Psychoanalysis is two things: a theory of psychology, dealing with memory, personality and childhood development; and a method for treatment of certain types of mental illness such as neuroses and depression. As a theory of psychology, it has failed because its basic assumptions are now known to be incorrect, and because of its use of unscientific modes of establishing and analyzing factual materials. As a treatment, it has failed because of its very frequently noted propensity for making patients worse. Its sexual interpretation of physical symptoms, such as a cough being a "love song," or bedwetting being caused by masturbation, are absurdities that only perverts can believe.

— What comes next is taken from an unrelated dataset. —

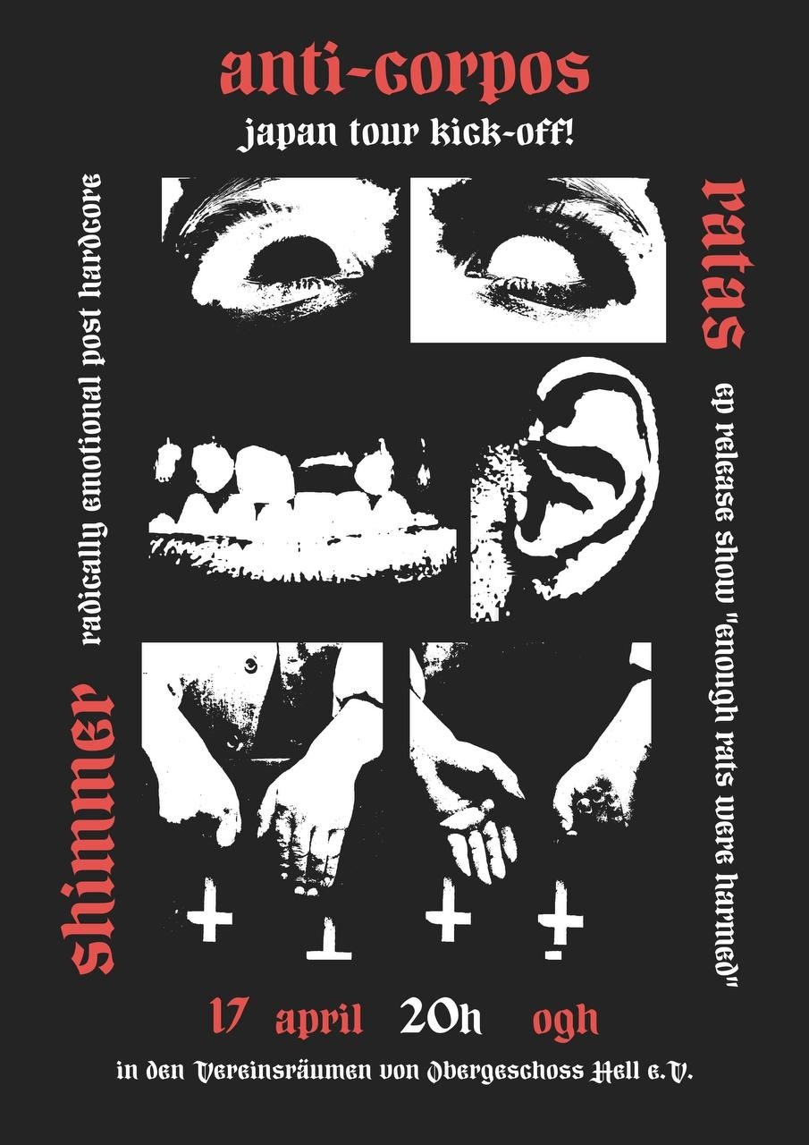Joined by longtime friends Shimmer (https://www.instagram.com/shimmer_screamo/?hl=en) and Berlin’s hottest queer punk band of the moment Ratas (https://ratas.bandcamp.com/track/sterni-baby?utm_source=ig&utm_medium=social&utm_content=link_in_bio), who will be releasing their debut EP, “ENOUGH RATS WERE HARMED!”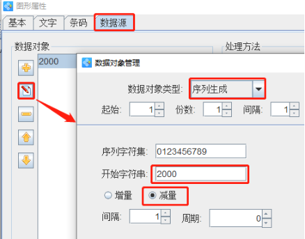 切换到“数据源”选项卡,点击下面的“编辑”按钮,在打开的数据对象管理窗口中选择“序列生成”数据类型,下面的“开始字符串”设置为2000,选中下面的“减量”单选按钮,其他的保持不变,点击“编辑”按钮,即可在数据源中生成2000,1999,1998,1997……这样的倒序流水号,那么由这些倒序流水号生成的条码就是倒序流水号条码了。

Eysenck's critique is truly devastating for a modern reader to encounter, and one can only wonder why Freud's ideas have had such an impact on the popular imagination. Eysenck's lucidly expressed explanation is that the answer lies in the ancient human desire to get something for nothing. Freudian methods can obtain theories without having to laboriously obtain reliable facts. Non-scientific thinkers, including literary authors, new agers, pseudo-psychologists, social workers and pedagogues, whose hunger for explanations exceeds their common sense, mistake idle speculation for "insight," and lamentably fall all too easily for humbug.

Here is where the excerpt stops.